Example: If a=[1,2,3,2,3,1,3], the positions of the maximum value (3) are 2, 4, and 6. One of these three values has to be randomly returned (each value has the same probability to be chosen).

Solution: a simple solution is scanning the array, keeping a list of the positions of the currently found max. After the scan, one of these position is chosen randomly. This solution has linear time complexity, but requires auxiliary space that in the worst case could be of the same size of the array (all the elements are same).
A simple solution requiring constant auxiliary space could be obtained by scanning the array twice. The first time the maximum value m and the number of its occurrences c are found. Then, a random number p between 1 and c is chosen, and with a second scan, the position in which m is found for the p-th time is returned.

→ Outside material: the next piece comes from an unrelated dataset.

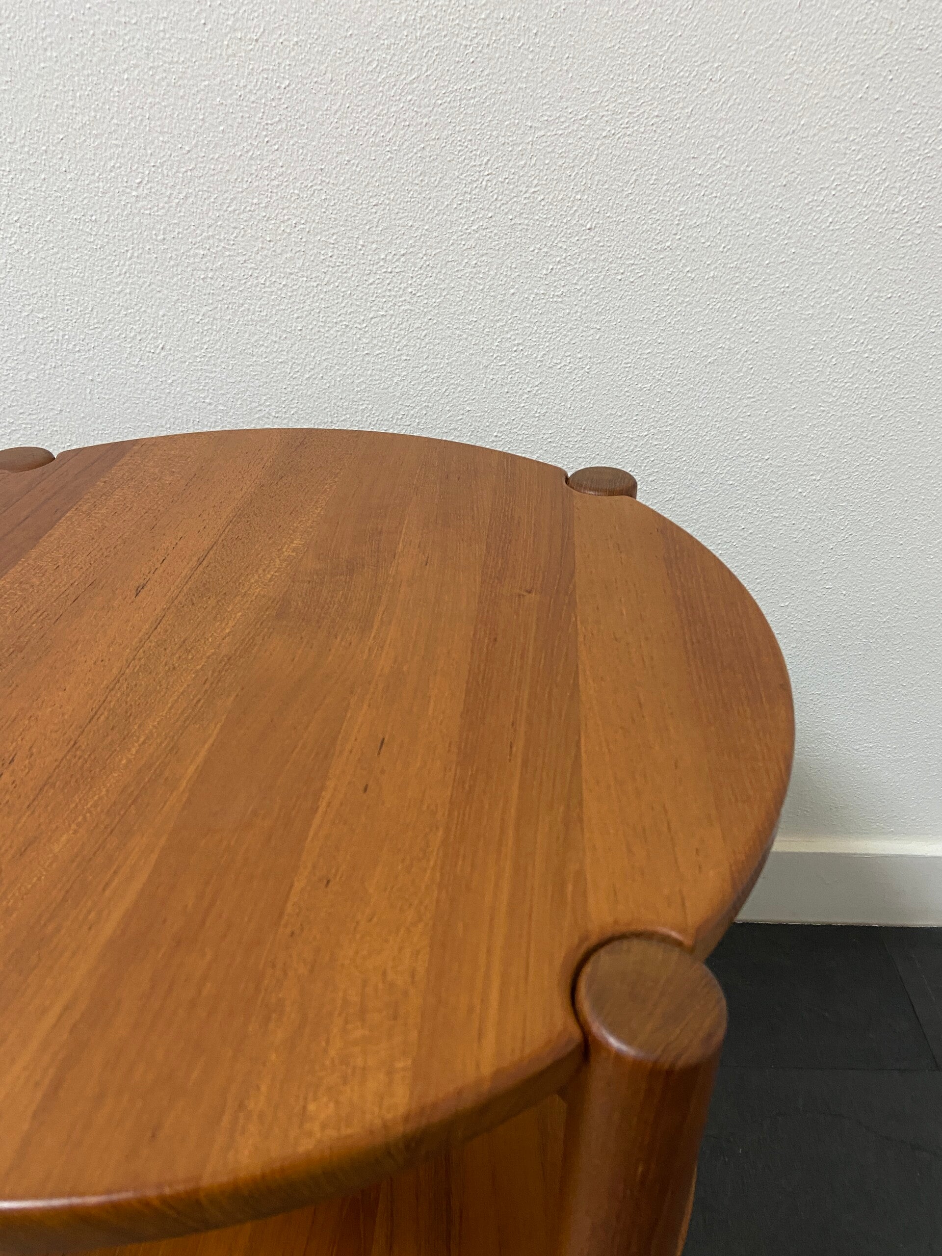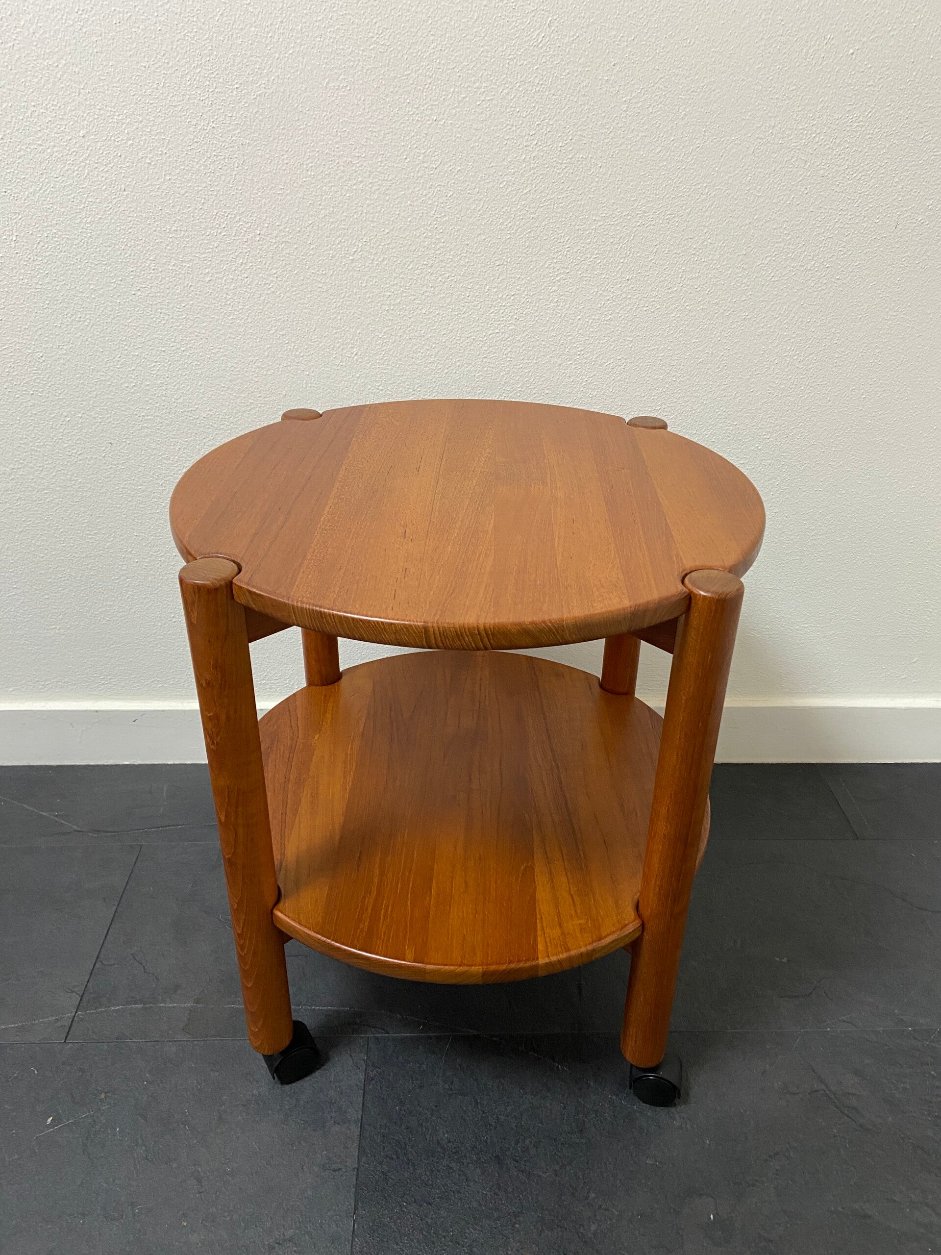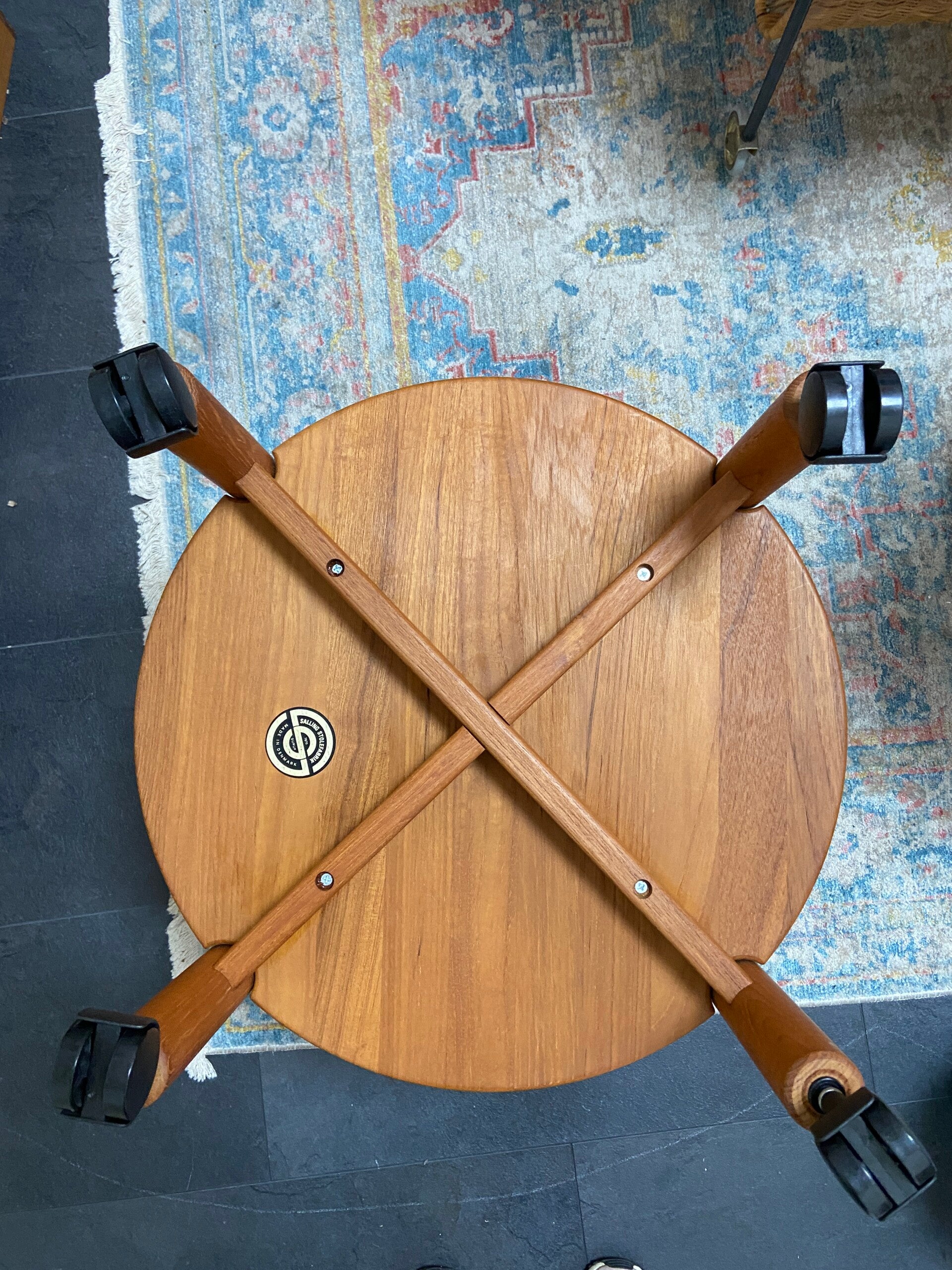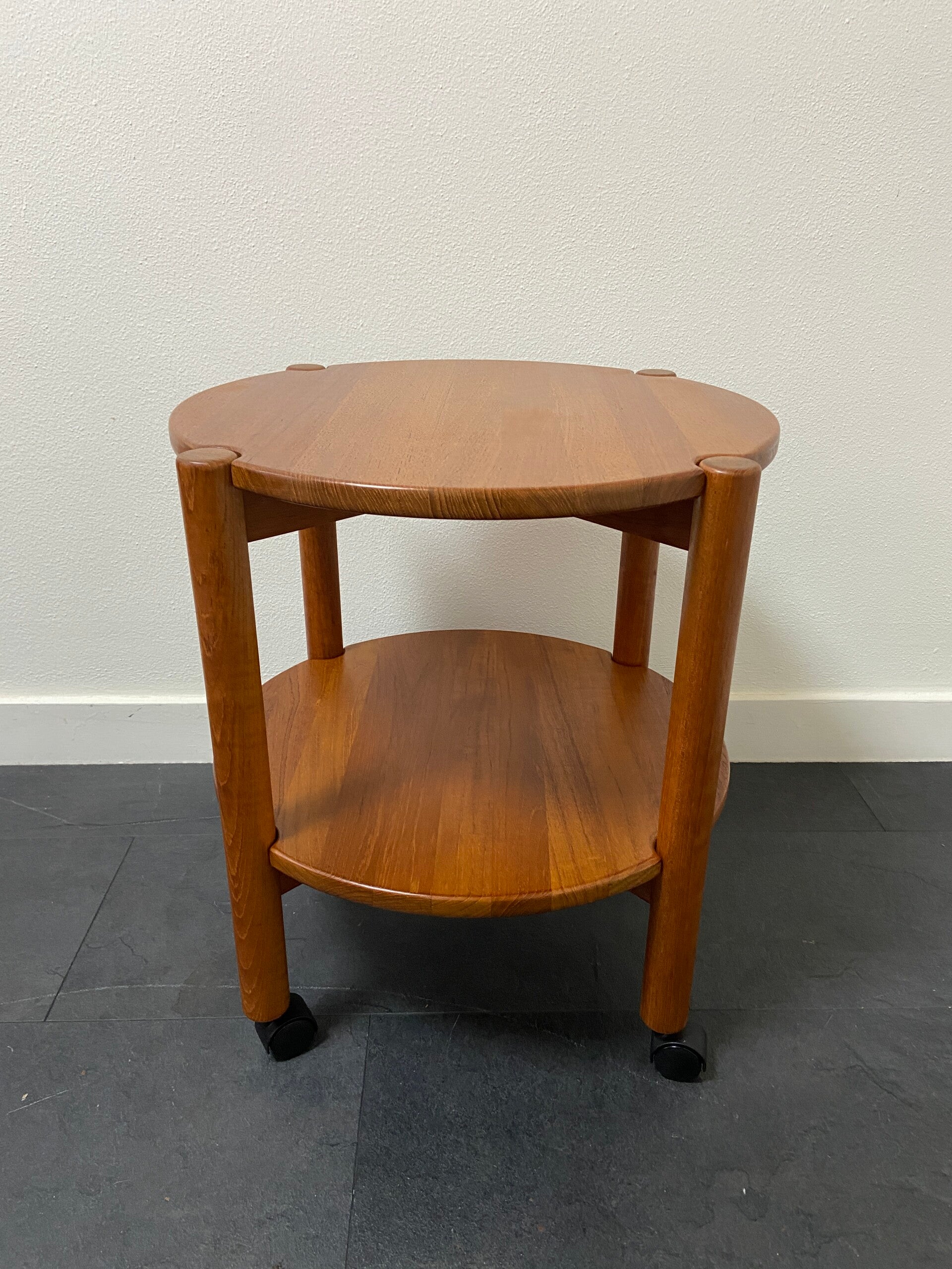Geweldige zware kwaliteitstafel van Salling Stolefabrik, Durup van massief teakhout.De tafel staat op soepellopende wielen en verkeert in uitstekende staat.

The optimal solution requires constant auxiliary space and one only scan. While scanning the array, we keep the maximum value m and the number of its occurrences c. We also keep the chosen position p for m, that will be returned after the scan.
Each time we find a value greater than the current maximum m, we update m, set c=1, and set p to the current position. If we find another value equal to m, we increase c and set p to the new position with probability equal to 1/c. At the end of the scan, each position in which m occurs will have been chosen with probability 1/c, where c is the final count of occurrences of m.
This can be simply proven by induction. For c=1 and c=2, it is obvious. So, assume that p was uniformly chosen among the first c-1 occurrence of m, that is, p was correctly chosen with probability 1/(c-1). We choose the new position, that is the c-th position in which m has been found, with probability 1/c, then, the probability of choosing again the old position p is 1-1/(c-1)=(c-1)/c. Globally, the probability of choosing the old position is (1/(c-1)) * ((c-1)/c) = 1/c, which is the same of that used to choose the new position.

The implementation of this algorithm is quite simple, and it is given in the following.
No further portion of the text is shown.